PROVIDED RECORDS below:

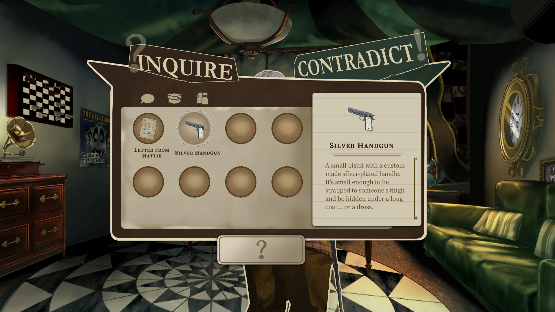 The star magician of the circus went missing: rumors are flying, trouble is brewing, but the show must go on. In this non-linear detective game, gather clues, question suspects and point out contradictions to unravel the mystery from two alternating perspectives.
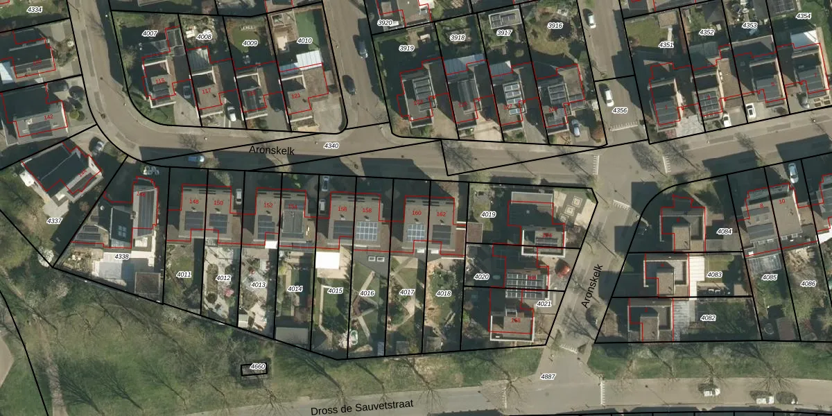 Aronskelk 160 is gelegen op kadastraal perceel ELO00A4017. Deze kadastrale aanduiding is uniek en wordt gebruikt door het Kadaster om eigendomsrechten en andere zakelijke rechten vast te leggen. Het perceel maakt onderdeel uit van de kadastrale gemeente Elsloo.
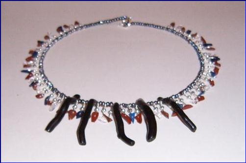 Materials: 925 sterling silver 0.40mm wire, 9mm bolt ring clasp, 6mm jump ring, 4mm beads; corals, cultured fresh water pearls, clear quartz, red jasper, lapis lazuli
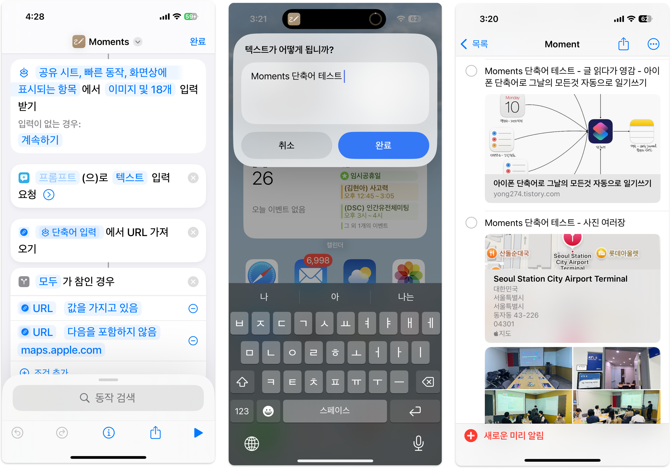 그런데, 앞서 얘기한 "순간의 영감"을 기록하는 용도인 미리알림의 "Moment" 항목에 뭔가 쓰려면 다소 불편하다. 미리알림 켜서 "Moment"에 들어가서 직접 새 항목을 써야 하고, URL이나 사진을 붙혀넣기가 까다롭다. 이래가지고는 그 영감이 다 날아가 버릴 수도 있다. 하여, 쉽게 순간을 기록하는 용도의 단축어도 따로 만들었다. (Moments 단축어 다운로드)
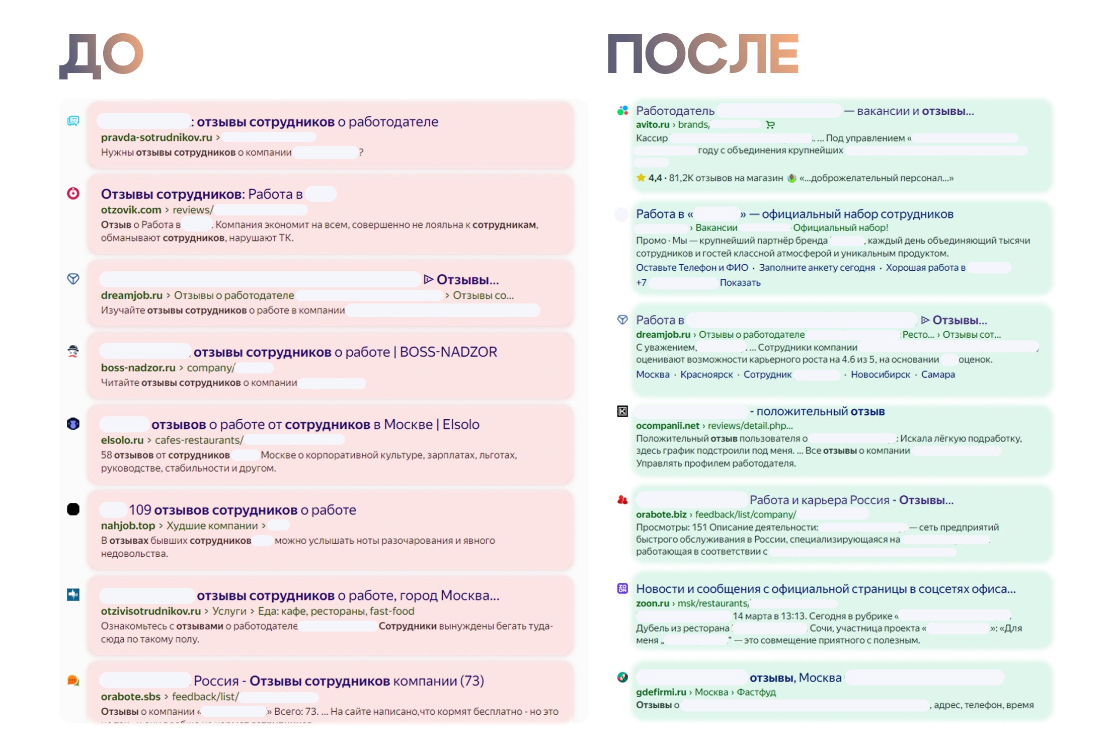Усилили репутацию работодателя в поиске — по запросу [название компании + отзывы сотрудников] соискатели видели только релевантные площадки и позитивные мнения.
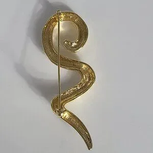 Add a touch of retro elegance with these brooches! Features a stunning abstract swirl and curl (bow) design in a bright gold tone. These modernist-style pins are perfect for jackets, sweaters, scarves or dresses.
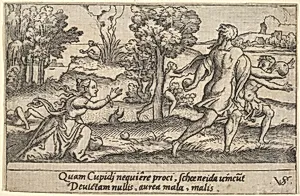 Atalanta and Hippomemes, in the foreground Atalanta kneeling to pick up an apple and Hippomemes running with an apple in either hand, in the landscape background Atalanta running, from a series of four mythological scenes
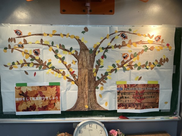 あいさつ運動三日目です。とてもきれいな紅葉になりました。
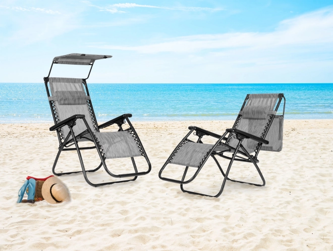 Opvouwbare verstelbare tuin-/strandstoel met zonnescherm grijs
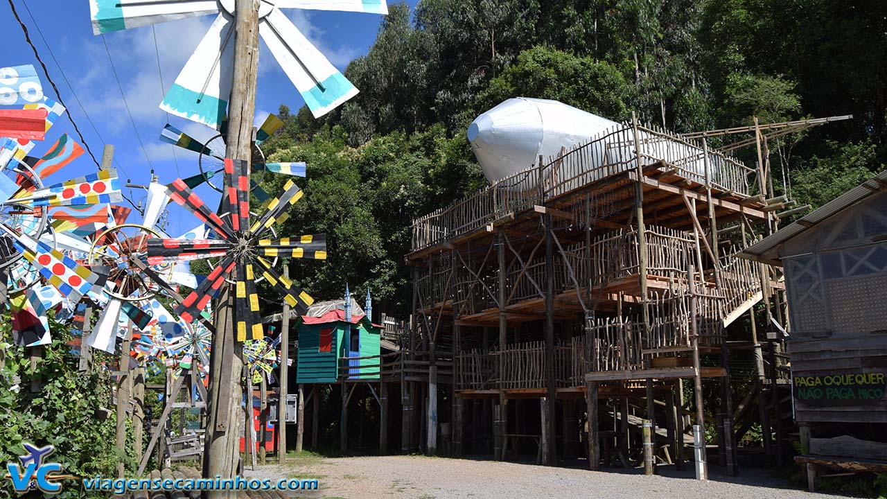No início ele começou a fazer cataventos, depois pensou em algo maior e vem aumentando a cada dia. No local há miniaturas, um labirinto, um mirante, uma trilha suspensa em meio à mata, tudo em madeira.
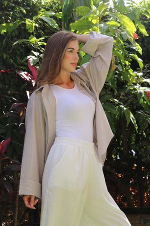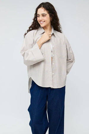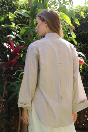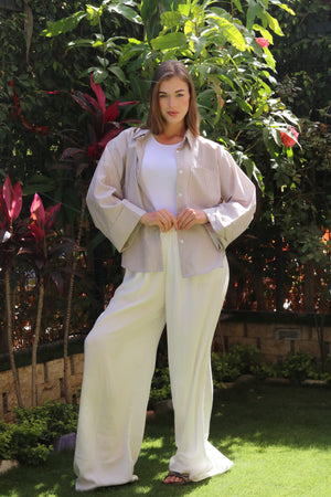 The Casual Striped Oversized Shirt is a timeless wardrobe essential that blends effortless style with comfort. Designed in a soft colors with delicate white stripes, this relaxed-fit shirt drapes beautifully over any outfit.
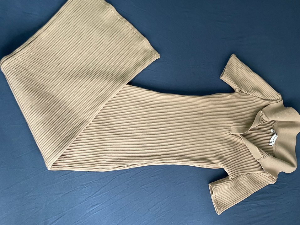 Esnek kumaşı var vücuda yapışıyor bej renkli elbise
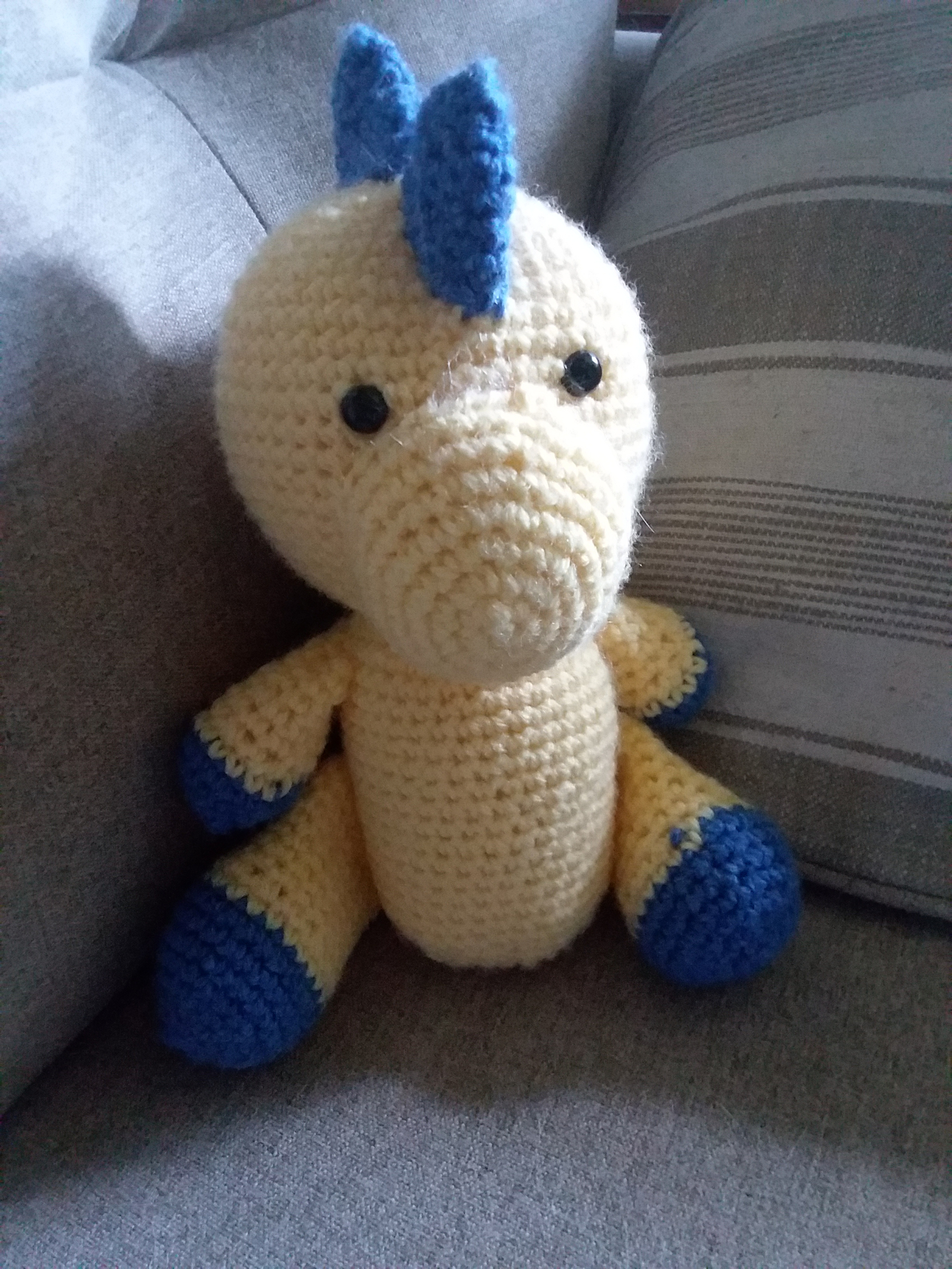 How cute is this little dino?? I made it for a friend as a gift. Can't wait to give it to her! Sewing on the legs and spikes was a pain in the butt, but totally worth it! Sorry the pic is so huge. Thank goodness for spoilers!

End of PROVIDED RECORDS.

(YOUR GOAL) Everything from the line containing "Atalanta and Hippomemes, in" to the last line of the listing above must be reproduced exactly, with no pictures included.

(EXPECTED OUTPUT)
 Atalanta and Hippomemes, in the foreground Atalanta kneeling to pick up an apple and Hippomemes running with an apple in either hand, in the landscape background Atalanta running, from a series of four mythological scenes
 あいさつ運動三日目です。とてもきれいな紅葉になりました。
 Opvouwbare verstelbare tuin-/strandstoel met zonnescherm grijs
No início ele começou a fazer cataventos, depois pensou em algo maior e vem aumentando a cada dia. No local há miniaturas, um labirinto, um mirante, uma trilha suspensa em meio à mata, tudo em madeira.
 The Casual Striped Oversized Shirt is a timeless wardrobe essential that blends effortless style with comfort. Designed in a soft colors with delicate white stripes, this relaxed-fit shirt drapes beautifully over any outfit.
 Esnek kumaşı var vücuda yapışıyor bej renkli elbise
 How cute is this little dino?? I made it for a friend as a gift. Can't wait to give it to her! Sewing on the legs and spikes was a pain in the butt, but totally worth it! Sorry the pic is so huge. Thank goodness for spoilers!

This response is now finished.